Using orbs could also come at a lower price point which could increase the size of the CSAR force, White said. Current CSAR operations are limited by the number of personnel required and the time it takes them to relocate. 

“What does that look like to me, its orb CSAR spokes forward and across the battlespace that are operating with five to ten maintainers and operators total in small geographic locations that are able to pick up and move within hours of being tasked to new locations,” White said. “That’s drastically different from our current construct with limited numbers. CSAR spokes, roughly 30 ish possibly more operators and maintainers, in locations that take hours to move, or I should say I’m sorry days to move, to geographically limited areas. So again that operational kind of moving the chess pieces on the board I think orbs can play a big part in providing us the agility required.”

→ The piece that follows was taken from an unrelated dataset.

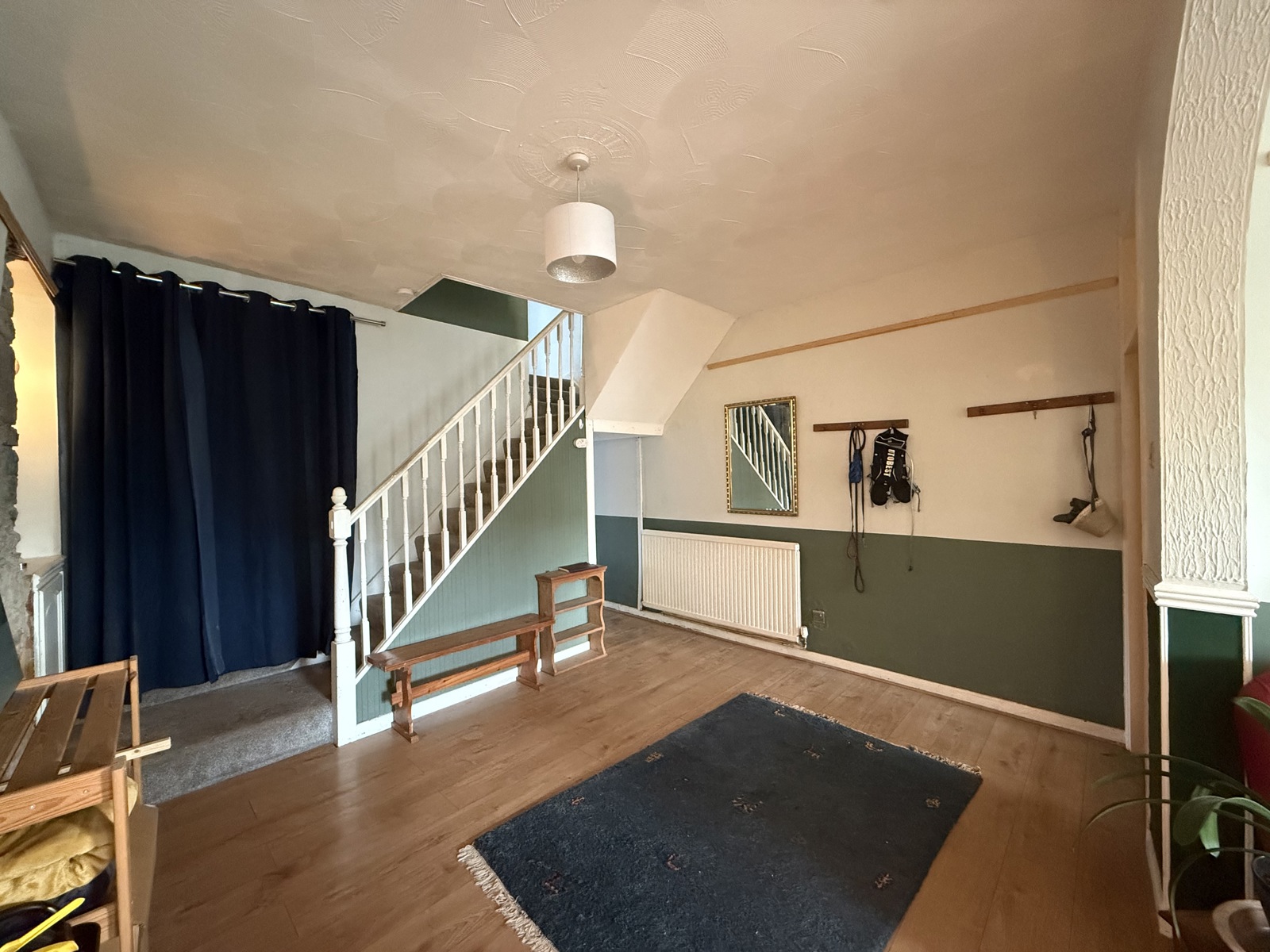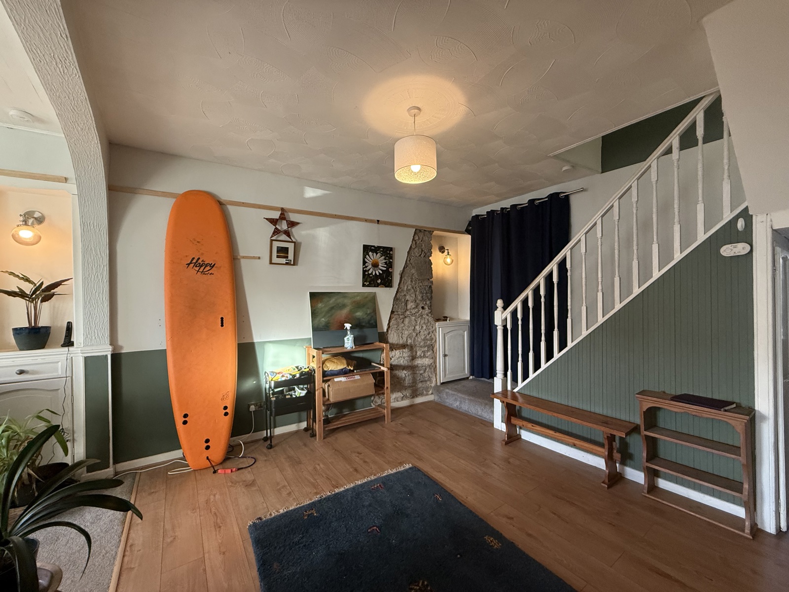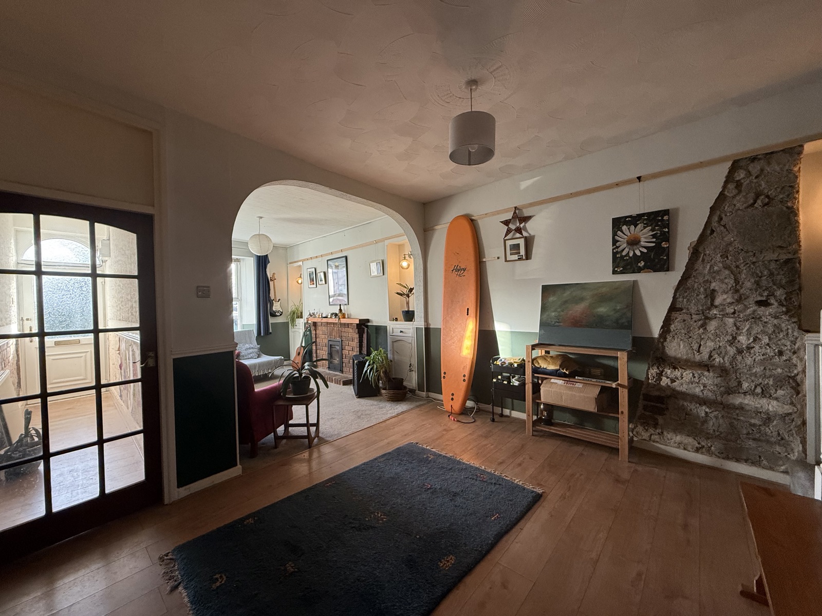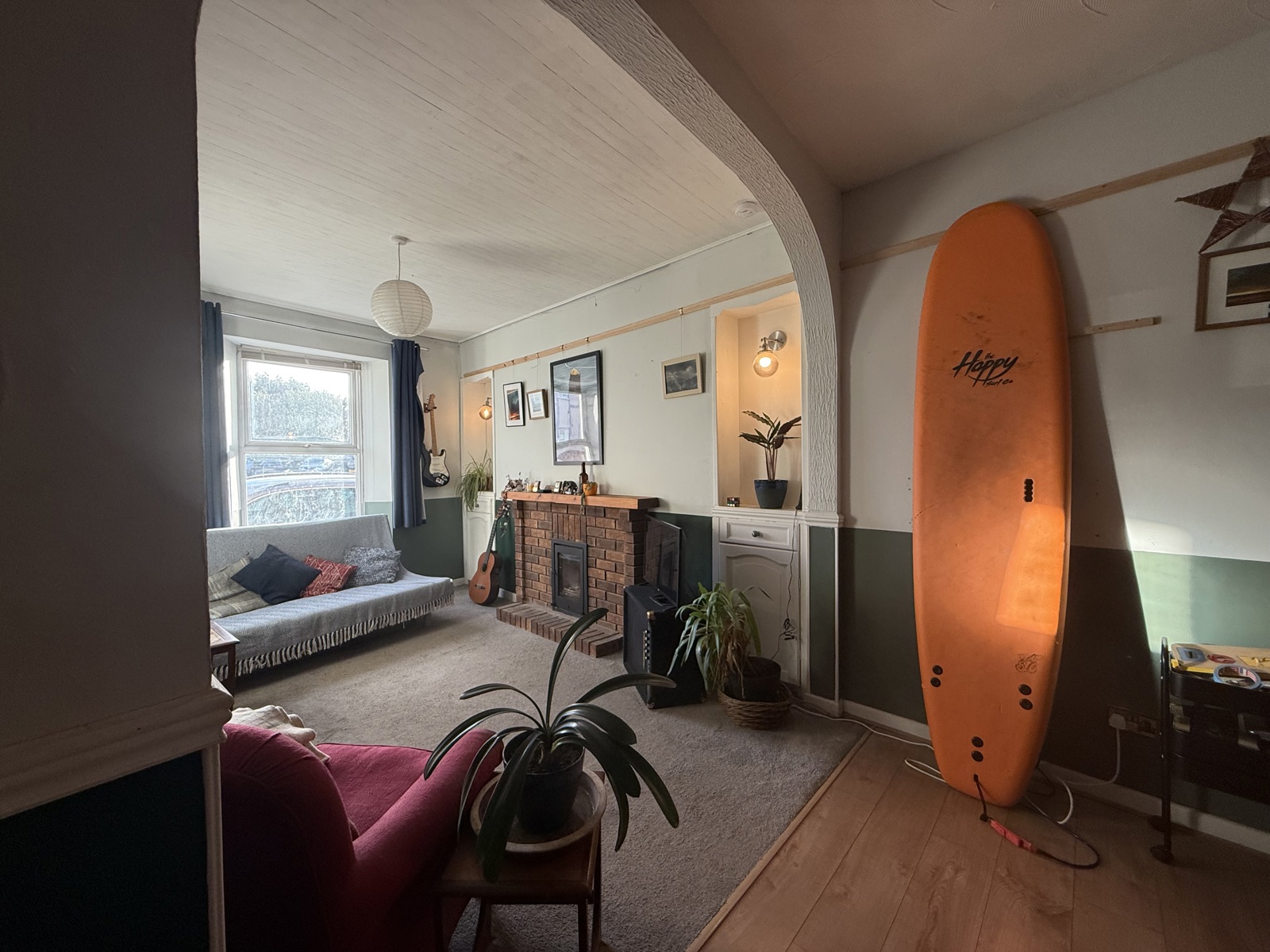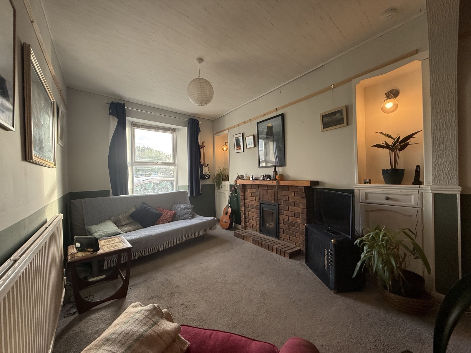 A warm and inviting living room with a generous layout, soft natural light and a charming feature log burner. The combination of painted walls, timber detailing and a gently vaulted ceiling creates a cosy, characterful space ideal for everyday relaxation.

LCDR Bill Haywood, UAS program manager for the U.S. Coast Guard (USCG) office of aviation forces, said orbs could be used to supplement search and rescue missions by dropping gear to survivors, monitoring a scene, or operating as an airborne communications platform. 

“To supplement using these orbs for short-range search and rescue, dropping gear to survivors until another asset can come and recover them whether it be a boat or a helicopter, they can get out there on scene monitoring, even just staying airborne for a comms platform, which we’ll launch a fixed-wing asset to go overhead just so we can talk to home base and if you can take that out of the equation, just the amount of money per flight cost to have a C-130 overhead, just so you can talk, that’s not very efficient. If you could have an orb doing that would be fantastic,” Haywood said. 

When developing orbs, the military and industry are focusing on a DevOps model, Capt. Terrence McKenna, 370th Flight Test Squadron, said. This means bringing in operators early in the development phase to create an open communications line to facilitate use cases. They are also conducting experiments backed up by in-depth analysis. 

“Those experiments help us assess possible use cases for existing tech without deriving explicit requirements at the outset so a different take on kind of a traditional acquisitions model that we’re all used to,” McKenna said.